Placenta defects a factor in prenatal deaths

Each of the 103 gene mutations causes the loss of a particular factor. Many of these had not been previously linked to placenta development, and hence the study highlights the unexpected number of genes that affect development of the placenta. By studying a select group of three genes in further detail, the team went on to show that the death of the embryo could be directly linked to defects in the placenta in one out of these three cases. This may mean that a significant number of genetic defects that lead to prenatal death may be due to abnormalities of the placenta, not just the embryo.

Although this research uses mice, the findings are likely to be highly relevant to complications during human pregnancy and the study highlights the need for more work to be done on investigating development of the placenta during human pregnancies.

The placenta is vital for normal pregnancy progression and embryo development in most animals that give birth to live young, including humans. It provides a unique and highly specialised interface between the embryo and the mother, ensuring an adequate provision of nutrients and oxygen to the embryo. The placenta is also involved in waste disposal from the embryo and produces important hormones that help sustain pregnancy and promote fetal growth. Although previous research has highlighted the pivotal role of the placenta for a healthy pregnancy, its potential contribution to pregnancy complications and birth defects continues to be overlooked.

Scientists call mutations that cause death in the womb embryonic lethal. Mouse lethal genes are enriched for human disease genes and the affected embryos often show morphological abnormalities, i.e. changes to their shape and structure. Around one-third of all gene mutants studied in mouse are lethal or subviable (i.e. mutant offspring are less likely to survive than non-mutant pups).

The DMDD consortium investigates the detailed morphological abnormalities in the embryo caused by such gene mutations. Importantly, the DMDD programme includes analysis of placentas from these mutants. Through this uniquely comprehensive assessment, the team was able to show a significant co-occurrence of placental defects alongside abnormalities in the brain, heart and vascular system.

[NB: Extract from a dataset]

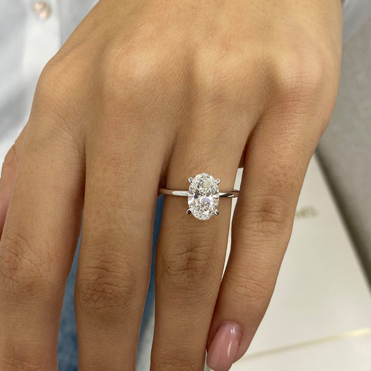 3.0 CT Oval Moissanite Hidden Halo Engagement Ring With Pave Setting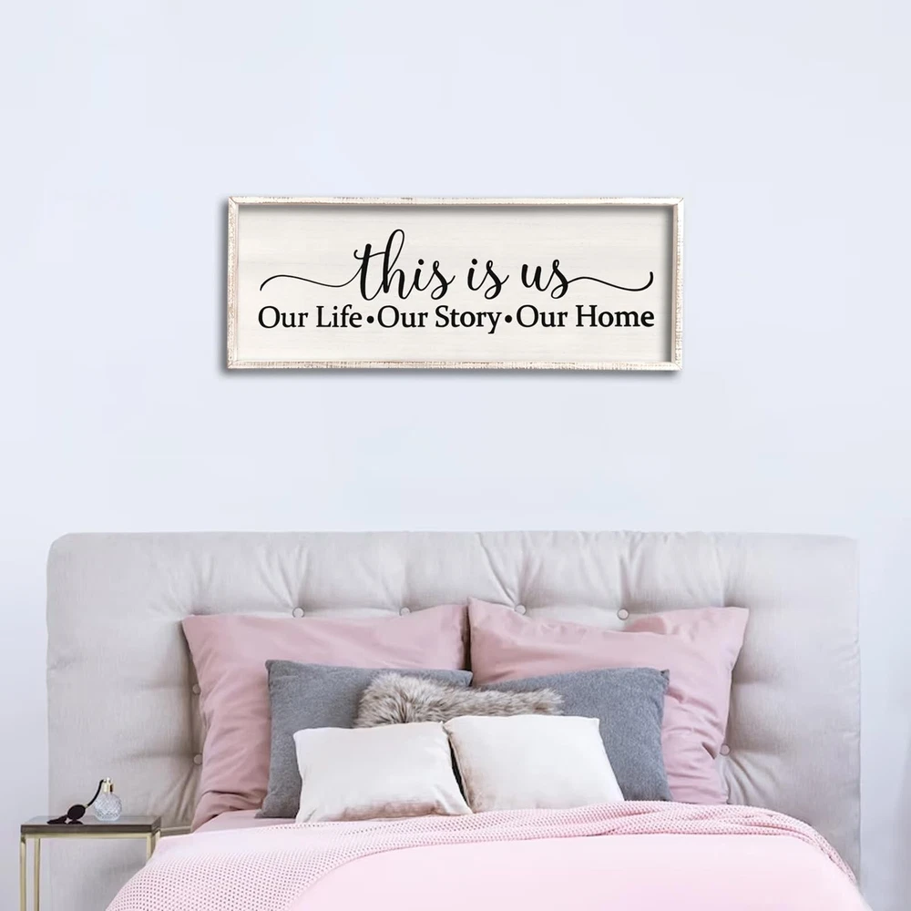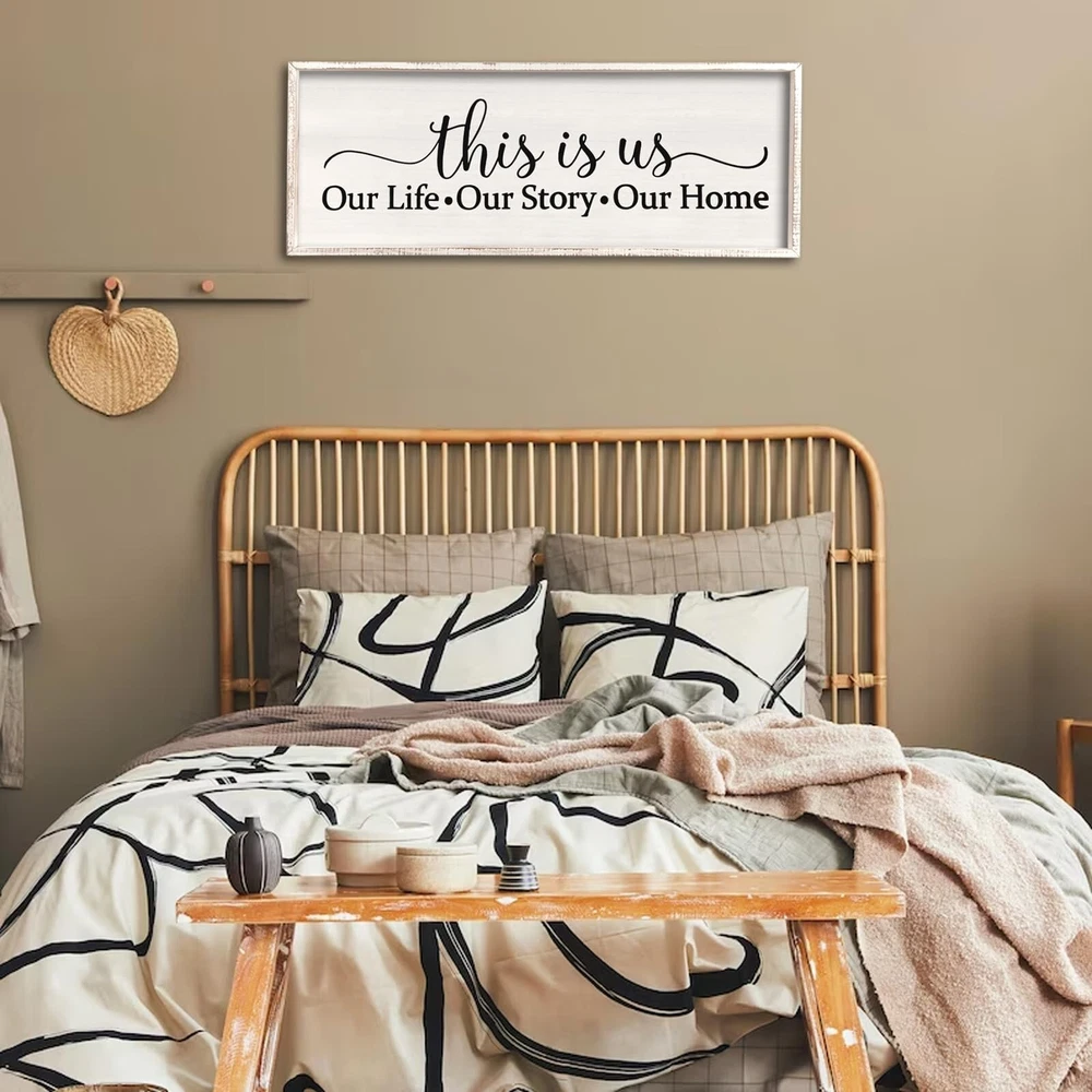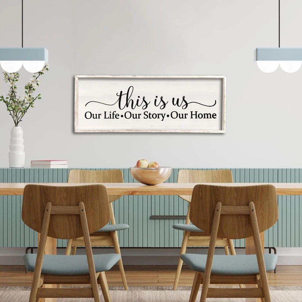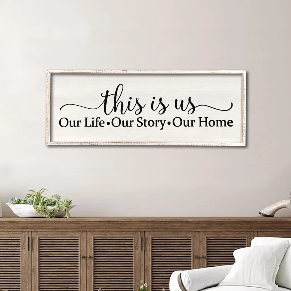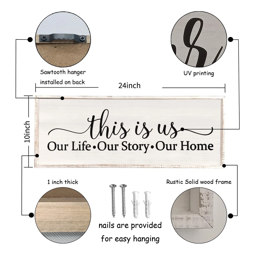 This Is Us Sign Wall Decor for Bedroom 24''×10'' Large Vintage Framed Wooden Modern Farmhouse Room Rustic Family Sign Wall Art Hanging Home Decor (White) Product Details Size: 24L" x 10W" Color: White Brand: Surfapans MPN: CK-QIANGGUA-20230727 UPC: Does not apply EAN: Does not apply Product Dimensions: 24 x 10 x 0.2 inches Item Weight: 1.45 pounds Manufacturer: Surfapans Country of Origin: China Item model number: CK-QIANGGUA-20230727 Date First Available: November 14, 2023 Quality Material: The frame made of premium-grade solid wood, middle part is made of a solid thick fiberboard, size is 24''10'' 1''. Easy to Hang: wall decor Saw-tooth hangers are installed on the back, and are equipped with screws for easy hanging. Exquisite Craftsmanship: The frame is hand-stained, Every piece is one-of-a-kind, The central section utilizes UV printing which is colorful and no fading, and can be cleaned with a damp cloth and it will not ruin the print. Unique Gift: It is the best choice for Valentine's Day, thanksgiving, christmas, Mother's Day, Father's Day, Housewarming, wedding, birthday, these are a fun and sweet way to show your love. Multi Use Scenes: It is a good idea for decorating your bedroom, living room, teen girl bedroom, hallway, dorm room, and it is also able to stand on table, shelf and everywhere.

The co-first authors on the paper are Dr Vicente Perez-Garcia and Mrs Elena Fineberg. Dr Perez-Garcia, said: "Analysis of embryonic lethal mutants has largely focused on the embryo and not the placenta, despite its critical role in development. Of the mutations we've studied, far more than expected showed defects in the placenta and this is particularly true for mutations that cause death during the early stages of pregnancy. Intriguingly, our analysis also indicates that issues in the placenta often occur alongside specific defects in the embryo itself."

The senior researcher on the study was Dr Myriam Hemberger, Group Leader in Epigenetics at the Babraham Institute. Dr Hemberger, said: "Our data highlight the hugely under-appreciated importance of placental defects in contributing to abnormal embryo development and suggest key molecular nodes governing placentation. The importance of a healthy placenta has often been overlooked in these studies and it is important that we start doing more to understand its contribution to developmental abnormalities."

The placenta-focussed aspect of the DMDD project was carried out at the Babraham Institute where all mutant placentas were analysed and characterised for their morphological defects. The Institute researchers also carried out work using mouse placental stem cells to understand further the functional roles of particular genes in the development of this organ. The mutant mouse lines were produced and bred at the Wellcome Sanger Institute. The detailed morphological analysis of embryos was performed by Dr Tim Mohun at the Francis Crick Institute together with colleagues at the Division of Anatomy, Medical University of Vienna, Austria.